%%

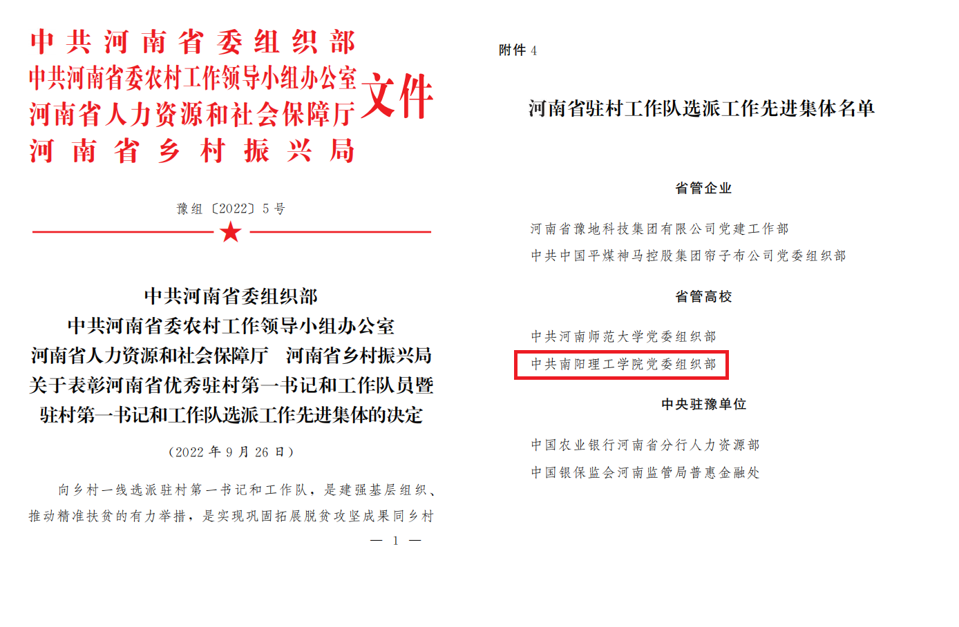 本网讯(特约记者/黄奇瑞 张峰)日前,中共河南省委组织部、省委农办、省人力资源社会保障厅、省乡村振兴局联合下发《关于表彰河南省优秀驻村第一书记和工作队员暨驻村第一书记和工作队选派工作先进集体的决定》,我校荣获河南省驻村工作队选派工作先进集体。
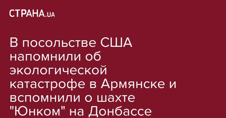 В посольстве США напомнили об экологической катастрофе в Армянске и вспомнили о шахте "Юнком" на Донбассе
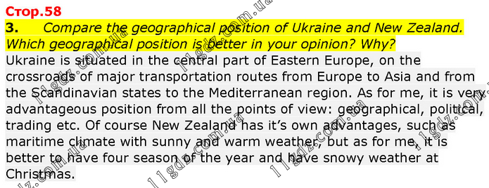 3. Compare the geographical position of Ukraine and New Zealand. Which geographical position is better in your opinion? Why? Ukraine is situated in the central part of Eastern Europe, on the crossroads of major transportation routes from Europe to Asia and from the Scandinavian states to the Mediterranean region. As for me, it is very advantageous position from all the points of view: geographical, political, trading etc. Of course New Zealand has it’s own advantages, such as maritime climate with sunny and warm weather, but as for me, it is better to have four season of the year and have snowy weather at Christmas.
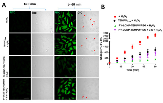 We sought to study the ROS-scavenging and cellular protection activity of the PY-LCNP-PEG/TEMPO in live HeLa cells challenged with two different ROS-generating agents: H2O2 (as an extracellular ROS source) and tBHP (as an intracellular ROS generator). H2O2 is a low-reactive ROS molecule, but it can generate highly reactive forms of ROS, such as hydroxyl radicals (OH•), in cellular environments [28,29]. In contrast, tBHP generates a higher degree of ROS, including H2O2, alkoxyl, and peroxyl radicals, in the cell through metabolism after cellular internalization [30,31]. Both H2O2 and tBHP induce significant oxidative stress to cells through multiple mechanisms, including lipid peroxidation, DNA damage, and depletion of cellular glutathione levels [29]. To perform these experiments, HeLa cells were first incubated with equivalent concentrations of TEMPO (50 µM), present as either TEMPOfree or PY-LCNP-PEG/TEMPO (27 nM of LCNP), followed by exposure to the ROS-generating agents. ROS activity in the cells was imaged and quantified every 10 min for 60 min by confocal microscopy using the fluorescent probe H2DCFDA, which positively tracks the presence of ROS in cells as a function of increasing fluorescence emission. We first tested the ROS-scavenging and cellular protection activity against H2O2 (500 µM) exposure. As shown in Figure 3A, minimal fluorescence emission for H2DCFDA was observed immediately after adding the ROS-generating agent H2O2 (Figure 3A, t = 0). However, after 60 min of H2O2 (500 µM) exposure, the emission intensity for the H2DCFDA showed differential increases in untreated, TEMPOfree, and PY-LCNP-PEG/TEMPO-treated cells. This was also coupled with various levels of membrane blebbing, which is an indication of cellular damage due to ROS activity [32,33]. After 60 min, the intensity of the H2DCFDA in the untreated (control) cells was significantly higher than that of cells treated with PY-LCNP-PEG/TEMPO. Furthermore, there were differences noted in the H2DCFDA signal depending on whether the cells were pretreated with PY-LCNP-PEG/TEMPO for 3 h or immediately prior to H2O2 exposure (Figure 3A). In this instance, treating the cells with PY-LCNP-PEG/TEMPO immediately prior to H2O2 exposure proved to be more effective at reducing overall ROS generation and providing protection against cellular damage. Additionally, the DIC imaging of immediately treated PY-LCNP-PEG/TEMPO cells showed noticeably lower plasma membrane blebbing compared to the untreated or TEMPOfree treated cells. Given our results for the cellular internalization of PY-LCNP-PEG/TEMPO (see Figure 2 above), it is likely that the large degree of cellular uptake of PY-LCNP-PEG/TEMPO over 3 h depletes the local TEMPO concentration present at the plasma membrane, resulting in reduced efficacy in the prevention of H2O2-induced ROS generation. To quantify and compare the ROS activity and rate of ROS neutralization in different samples, we analyzed the cells for the changes in H2DCFDA FL emission intensities every 10 min over 60 min of H2O2 exposure. As shown in Figure 3B, ROS activity in the untreated cells gradually increased with incubation time (500 µM H2O2) and reached an activity level 34-fold above that of the control cells (rate of increase = 52% min−1). In comparison, the ROS activity in the cells treated with TEMPOfree and PY-LCNP-PEG/TEMPO immediately prior to H2O2 treatment increased only 12-fold (rate of increase = 19% min−1) and 4-fold (rate of increase = 4% min−1), respectively. However, the ROS activity of cells treated with PY-LCNP-PEG/TEMPO and incubated for 3 h prior to H2O2 treatment increased 9-fold (rate of increase = 12% min−1), which is more than 2-fold higher and faster than the cells exposed to H2O2 immediately after the PY-LCNP-PEG/TEMPO treatment. These results strongly suggest that, compared with TEMPOfree, PY-LCNP-PEG/TEMPO pre-treatment immediately prior to H2O2 exposure reduced the overall ROS activity by 3-fold and significantly decreased the rate of cellular ROS exposure and increased protection against H2O2-incuded ROS activity. Meanwhile, pre-treatment for 3 h of PY-LCNP-PEG/TEMPO reduced overall ROS activity by ~1.3-fold compared with TEMPOfree. In the context of previous reports, our PY-LCNP-PEG/TEMPO conjugate system is an improvement over other NP-TEMPO systems. For example, Li et al. reported on gold NP (AuNP)-TEMPO conjugates, wherein the ROS scavenging activity of TEMPO was improved by ~1.3-fold when displayed on the surface of 40 nm diameter AuNPs [20]. The enhanced activity we observed in this study is likely due to the greater degree of multivalent display in our PY-LCNP-PEG/TEMPO system (>1800 TEMPO moieties per NP) on the 120 nm diameter LCNPs.
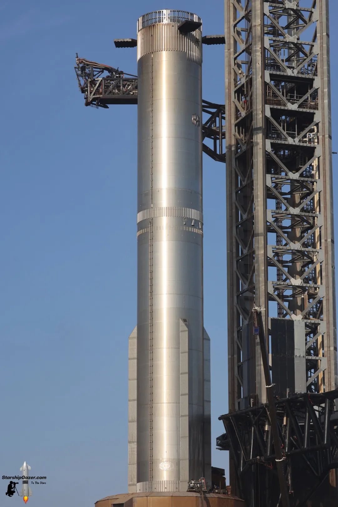 星舰B14级再次站在发射塔旁,顶部有明显的烤蓝痕迹,是第七次试飞一级和二级分离时二级尾焰燃烧的结果。 | StarshipGazer
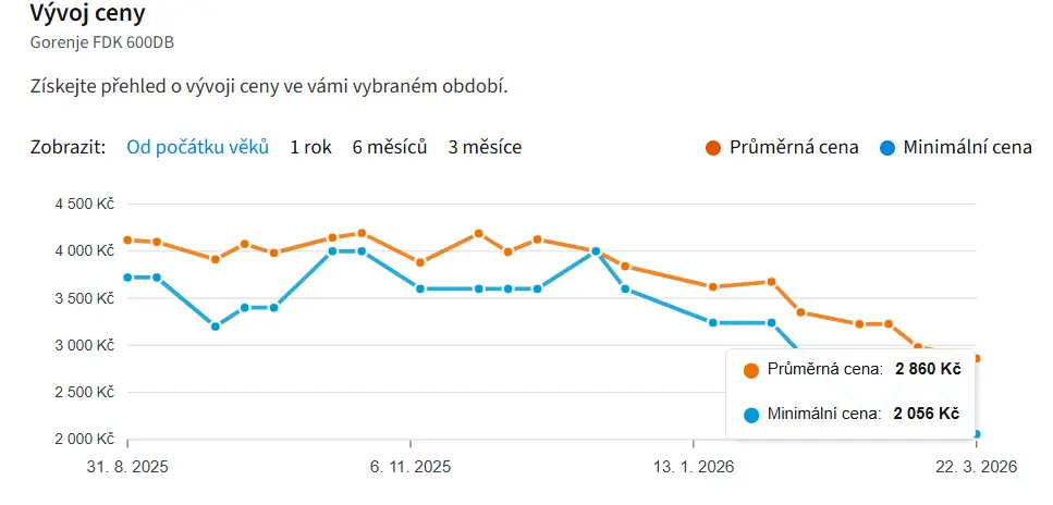 Foto: Oficiální materiály distributoraNaposledy se sušička Gorenje FDK600DB prodávala za průměrnou cenu 2 860 Kč

%%

_Problem requirements:_ Please restate each entry exactly, but drop any picture it holds.

_Exercise result:_
 本网讯(特约记者/黄奇瑞 张峰)日前,中共河南省委组织部、省委农办、省人力资源社会保障厅、省乡村振兴局联合下发《关于表彰河南省优秀驻村第一书记和工作队员暨驻村第一书记和工作队选派工作先进集体的决定》,我校荣获河南省驻村工作队选派工作先进集体。
 В посольстве США напомнили об экологической катастрофе в Армянске и вспомнили о шахте "Юнком" на Донбассе
 3. Compare the geographical position of Ukraine and New Zealand. Which geographical position is better in your opinion? Why? Ukraine is situated in the central part of Eastern Europe, on the crossroads of major transportation routes from Europe to Asia and from the Scandinavian states to the Mediterranean region. As for me, it is very advantageous position from all the points of view: geographical, political, trading etc. Of course New Zealand has it’s own advantages, such as maritime climate with sunny and warm weather, but as for me, it is better to have four season of the year and have snowy weather at Christmas.
 We sought to study the ROS-scavenging and cellular protection activity of the PY-LCNP-PEG/TEMPO in live HeLa cells challenged with two different ROS-generating agents: H2O2 (as an extracellular ROS source) and tBHP (as an intracellular ROS generator). H2O2 is a low-reactive ROS molecule, but it can generate highly reactive forms of ROS, such as hydroxyl radicals (OH•), in cellular environments [28,29]. In contrast, tBHP generates a higher degree of ROS, including H2O2, alkoxyl, and peroxyl radicals, in the cell through metabolism after cellular internalization [30,31]. Both H2O2 and tBHP induce significant oxidative stress to cells through multiple mechanisms, including lipid peroxidation, DNA damage, and depletion of cellular glutathione levels [29]. To perform these experiments, HeLa cells were first incubated with equivalent concentrations of TEMPO (50 µM), present as either TEMPOfree or PY-LCNP-PEG/TEMPO (27 nM of LCNP), followed by exposure to the ROS-generating agents. ROS activity in the cells was imaged and quantified every 10 min for 60 min by confocal microscopy using the fluorescent probe H2DCFDA, which positively tracks the presence of ROS in cells as a function of increasing fluorescence emission. We first tested the ROS-scavenging and cellular protection activity against H2O2 (500 µM) exposure. As shown in Figure 3A, minimal fluorescence emission for H2DCFDA was observed immediately after adding the ROS-generating agent H2O2 (Figure 3A, t = 0). However, after 60 min of H2O2 (500 µM) exposure, the emission intensity for the H2DCFDA showed differential increases in untreated, TEMPOfree, and PY-LCNP-PEG/TEMPO-treated cells. This was also coupled with various levels of membrane blebbing, which is an indication of cellular damage due to ROS activity [32,33]. After 60 min, the intensity of the H2DCFDA in the untreated (control) cells was significantly higher than that of cells treated with PY-LCNP-PEG/TEMPO. Furthermore, there were differences noted in the H2DCFDA signal depending on whether the cells were pretreated with PY-LCNP-PEG/TEMPO for 3 h or immediately prior to H2O2 exposure (Figure 3A). In this instance, treating the cells with PY-LCNP-PEG/TEMPO immediately prior to H2O2 exposure proved to be more effective at reducing overall ROS generation and providing protection against cellular damage. Additionally, the DIC imaging of immediately treated PY-LCNP-PEG/TEMPO cells showed noticeably lower plasma membrane blebbing compared to the untreated or TEMPOfree treated cells. Given our results for the cellular internalization of PY-LCNP-PEG/TEMPO (see Figure 2 above), it is likely that the large degree of cellular uptake of PY-LCNP-PEG/TEMPO over 3 h depletes the local TEMPO concentration present at the plasma membrane, resulting in reduced efficacy in the prevention of H2O2-induced ROS generation. To quantify and compare the ROS activity and rate of ROS neutralization in different samples, we analyzed the cells for the changes in H2DCFDA FL emission intensities every 10 min over 60 min of H2O2 exposure. As shown in Figure 3B, ROS activity in the untreated cells gradually increased with incubation time (500 µM H2O2) and reached an activity level 34-fold above that of the control cells (rate of increase = 52% min−1). In comparison, the ROS activity in the cells treated with TEMPOfree and PY-LCNP-PEG/TEMPO immediately prior to H2O2 treatment increased only 12-fold (rate of increase = 19% min−1) and 4-fold (rate of increase = 4% min−1), respectively. However, the ROS activity of cells treated with PY-LCNP-PEG/TEMPO and incubated for 3 h prior to H2O2 treatment increased 9-fold (rate of increase = 12% min−1), which is more than 2-fold higher and faster than the cells exposed to H2O2 immediately after the PY-LCNP-PEG/TEMPO treatment. These results strongly suggest that, compared with TEMPOfree, PY-LCNP-PEG/TEMPO pre-treatment immediately prior to H2O2 exposure reduced the overall ROS activity by 3-fold and significantly decreased the rate of cellular ROS exposure and increased protection against H2O2-incuded ROS activity. Meanwhile, pre-treatment for 3 h of PY-LCNP-PEG/TEMPO reduced overall ROS activity by ~1.3-fold compared with TEMPOfree. In the context of previous reports, our PY-LCNP-PEG/TEMPO conjugate system is an improvement over other NP-TEMPO systems. For example, Li et al. reported on gold NP (AuNP)-TEMPO conjugates, wherein the ROS scavenging activity of TEMPO was improved by ~1.3-fold when displayed on the surface of 40 nm diameter AuNPs [20]. The enhanced activity we observed in this study is likely due to the greater degree of multivalent display in our PY-LCNP-PEG/TEMPO system (>1800 TEMPO moieties per NP) on the 120 nm diameter LCNPs.
 星舰B14级再次站在发射塔旁,顶部有明显的烤蓝痕迹,是第七次试飞一级和二级分离时二级尾焰燃烧的结果。 | StarshipGazer
 Foto: Oficiální materiály distributoraNaposledy se sušička Gorenje FDK600DB prodávala za průměrnou cenu 2 860 Kč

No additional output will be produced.